Bugün bizim sektörümüze baktığımızda eğer resmi kayıtlı işletmeler işletme giderleri devlete olan yükümlülüklerinden dolayı giderleri gelirlerinden fazla olduğu için yılın altı ayını borçlarını ödemek için geri kalan altı ayını da fazla borçlanmamak için mesai yapıyorsa bu durumda rekabet etmeleri minimuma düşüyor. Yatırım yapma şansları yok denecek seviyeye düşüyor.
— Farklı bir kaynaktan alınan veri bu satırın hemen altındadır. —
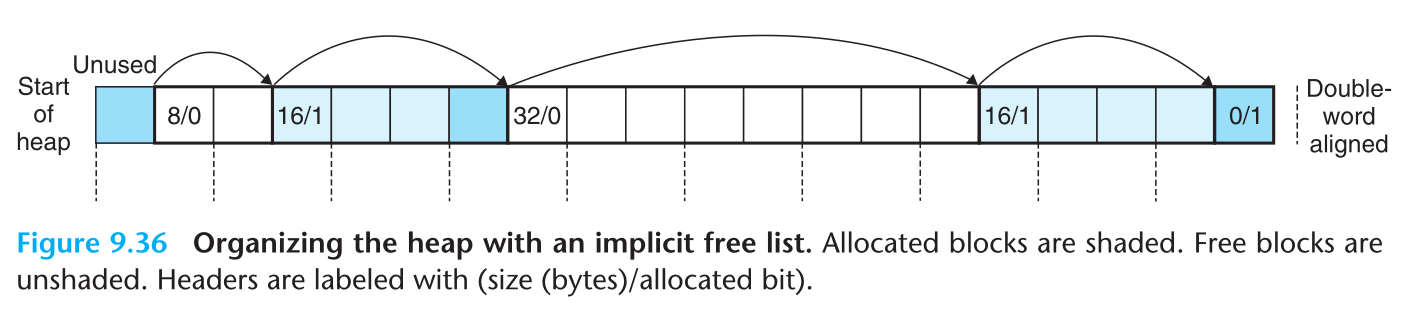 这种结构称为隐式空闲链表,是因为空闲块是通过头部中大小字段隐含的连接的。分配器可以通过遍历堆中所有块,从而间接的遍历所有的空闲块。最后需要一个终止标记 (0 / 1) 即大小为 0 的已分配块。

Bir sektör düşünün %80’ni kayıt dışı çalışıp resmiyette hiçbir mali yükümlülüğü olmadığı için haksız rekabet hükümlerini çiğneyip, gününü gün edip, yatırım yapıyorsa nasıl olsa Türk Ticaret Kanunu’nun 56. Maddesine göre haksız rekabetten dolayı dava açsalar ne yazar denetim olmadığı müddetçe, bu kervan böyle yürür diyorsa ne yazık ki hazin bir tabloyla karşı karşıya kaldığımız aşikardır. O zaman birilerinin değil topyekün koro halinde mücadele zamanı gelmedi mi? Yoksa bütün bunlara sakın kader demeyin, kaderin üstünde bir kader vardır. Ne yapsalar boş göklerden gelen bir karar vardır gününü gün etseler ne olur bunlara dur diyecek bir ana kadememiz vardır mı diyeceğiz? PHTYD olarak reatiliye geçirmesini de biliriz ama ahde vefadan dolayı sabrın sonu selamettir, sabır başarının anahtarıdır, sabır zorluklara karşı dayanmaktır, sabır başarıya ulaşmak için bazı zorlukları aşmaktır, sabır müminin silahıdır sen sabırlı ol yeter devran dönecektir. Sana yapılan haksızlıkları mevlam görecektir, ahın yerde kalmaz sıra onlara gelecektir, PHTYD olarak şu ana kadar hiç kimseyi yolda bırakmadık, herkes menfaatinin bittiği durakta indi. Kimsenin yaptığı iyilik ve kötülük yanına kalmaz, keser döner sap döner gün gelir hesap döner, yeter ki rekabetini adil bir şekilde yap.